I agree entirely, and if it is warrantied then they definitely should look at it at their cost. I'd eat the cost if it was out of warranty, but only then.

Jim


----------



## Viggo (Sep 2, 2013)

*Re: 200 f2.0 first dissapointed customer ever?*



neuroanatomist said:


> When you called Canon, what did they say?
> 
> Sorry, I know you're frustrated, but $h!t happens. Occasionally, a bad lens is shipped and someone gets unlucky. Sometimes, a whole production run has a goof, and there's a service advisory (aka recall) - I still need to send my 1D X in for that, actually.
> 
> So...venting is good, but getting your problems fixed is better.



I sent my usual service place a very long email explaining in detail the issues, but it was after closing, so I hope they'll get back to me tomorrow .. I intend on sending it in, it's just VERY annoying I keep having problems with newish lenses. The most expensive gear I have the most issues with..


----------



## Viggo (Sep 2, 2013)

*Re: 200 f2.0 first dissapointed customer ever?*



Jim Saunders said:


> Viggo said:
> 
> 
> > The AF should work on a 6000 dollar lens, not too much to ask I think.. But that is warranty for sure, it's the gravel and dust inside the lens that worries me, they could easily say it's my fault, although I know it absolutely isn't .
> ...



The lens was new in November last year ,and the first owner almost didn't use
It at all. He sold all his canon gear at the same time and wanting something small, Olympus stuff..


----------



## mwh1964 (Sep 2, 2013)

*Re: 200 f2.0 first dissapointed customer ever?*

Canon will fix this for sure. Good luck


----------



## Invertalon (Sep 2, 2013)

*Re: 200 f2.0 first dissapointed customer ever?*

I don't see the big problem here.

If you bought it NEW, simply return it and get another that works properly. It could be possible the lens was damaged in transit once it left the factory. Once it leaves there, nobody checks it until you put it on the camera. If you bought from a good retailer, an exchange should not be a problem.

If you bought it used, you should have found these faults when you got it and arranged a return. 

If you can't do the either above, send to Canon and let them fix it. Most likely it is simple for them to correct (probably replace the lens PCB board and your focusing issues are fixed). 

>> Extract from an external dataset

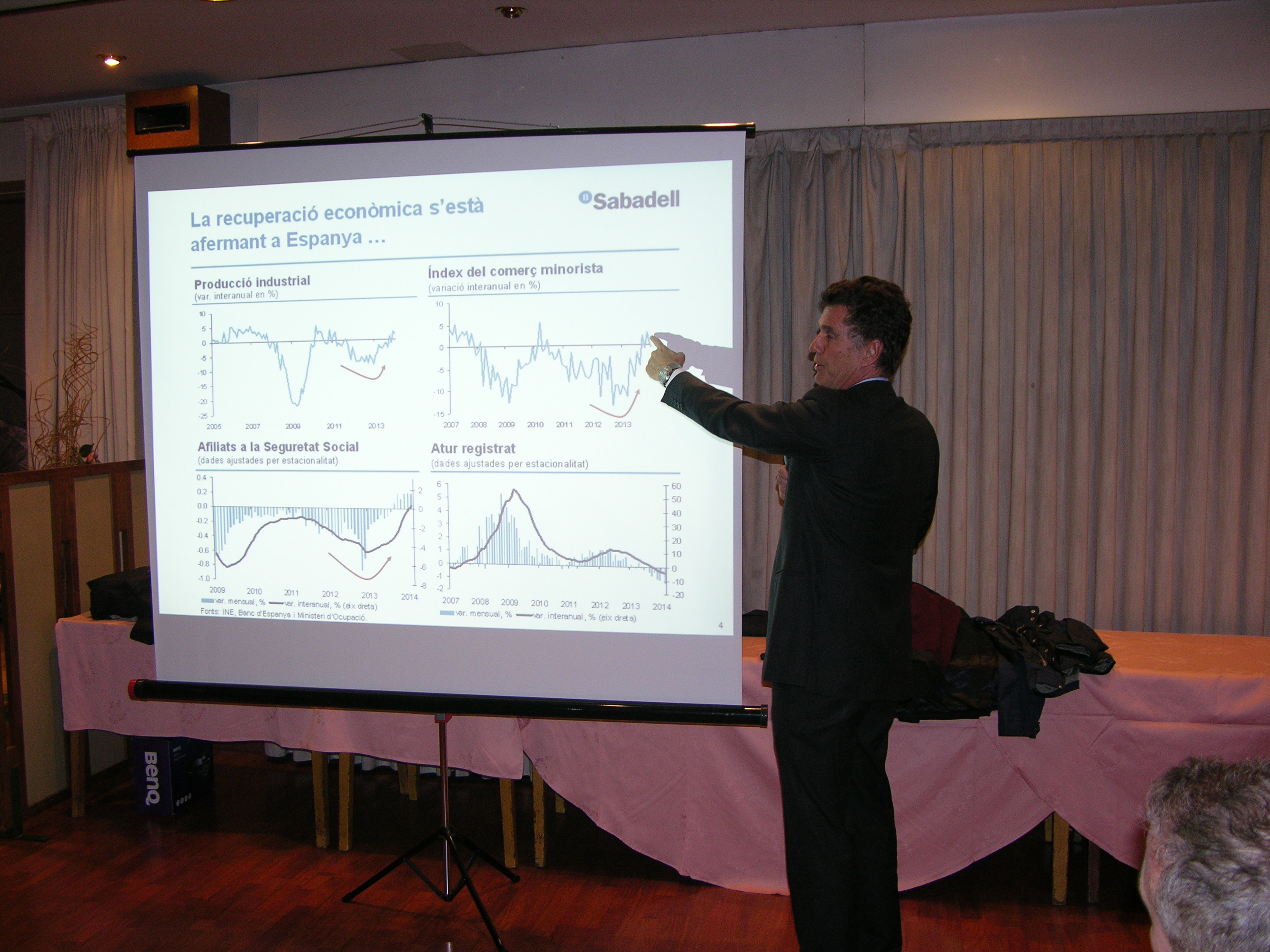 El senyor Jaume Guardiola, Conseller Delegat de Banc Sabadell, va començar la conferència en el context del Fòrum organitzat per el Rotary Club de Terrassa, parlant de les perspectives econòmiques per a l’any 2014. Segons el seu punt de vista la recuperació econòmica s’està afermant a Espanya, tal com reflecteixen diferents indicadors de l’activitat, fonamentada en un context financer més favorable. Per a ell la fase aguda de correcció dels desequilibris ha quedat enrere, malgrat que encara persisteixen factors negatius. La millora de l’activitat fa pensar que tindrà continuïtat a partir d’ara.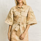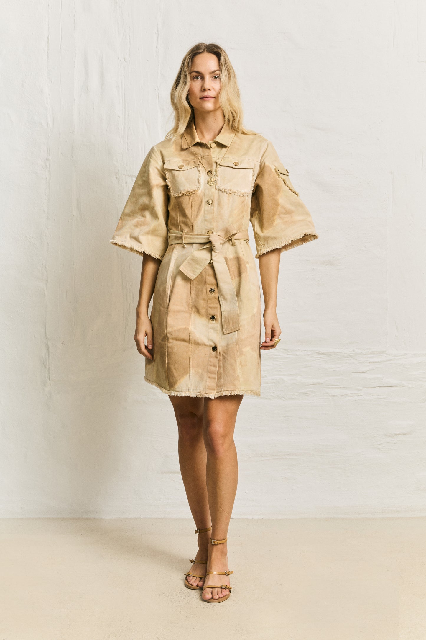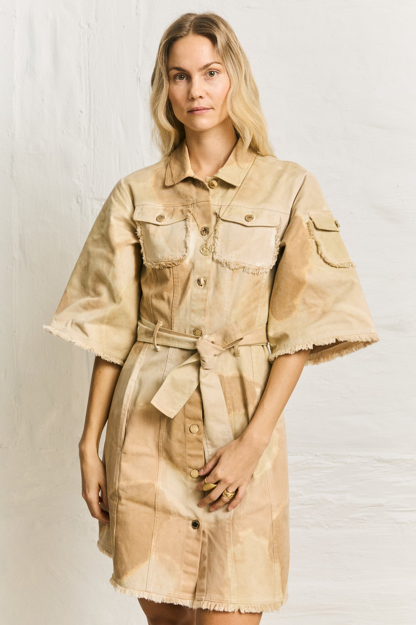 The Janice Denim Dress features a unique beige tie-dye print. It has mid-length, loose sleeves for a relaxed fit and an above-the-knee length for a casual, comfortable style. A full button closure extends from the bottom hem to the neckline, offering adjustable coverage and a classic look. The dress is completed with a matching denim belt, adding a refined touch to the design.

Just do what you have to do. I have terrible luck with high end lenses as well, but it is because we want perfection when we spend what we do on them. So little issues like gritty focus rings are simply not acceptable when you spend $6000 on a lens. I completely agree with you.


----------



## hawaiisunsetphoto (Sep 2, 2013)

*Re: 200 f2.0 first dissapointed customer ever?*

If you're using the 5D Mark III, there's a known compatibility issue with this lens and a service bulletin from Canon. I sent my 200 f/2L into Canon for the update.....


----------



## eml58 (Sep 3, 2013)

*Re: 200 f2.0 first dissapointed customer ever?*



neuroanatomist said:


> When you called Canon, what did they say?
> 
> Sorry, I know you're frustrated, but $h!t happens. Occasionally, a bad lens is shipped and someone gets unlucky. Sometimes, a whole production run has a goof, and there's a service advisory (aka recall) - I still need to send my 1D X in for that, actually.
> 
> So...venting is good, but getting your problems fixed is better.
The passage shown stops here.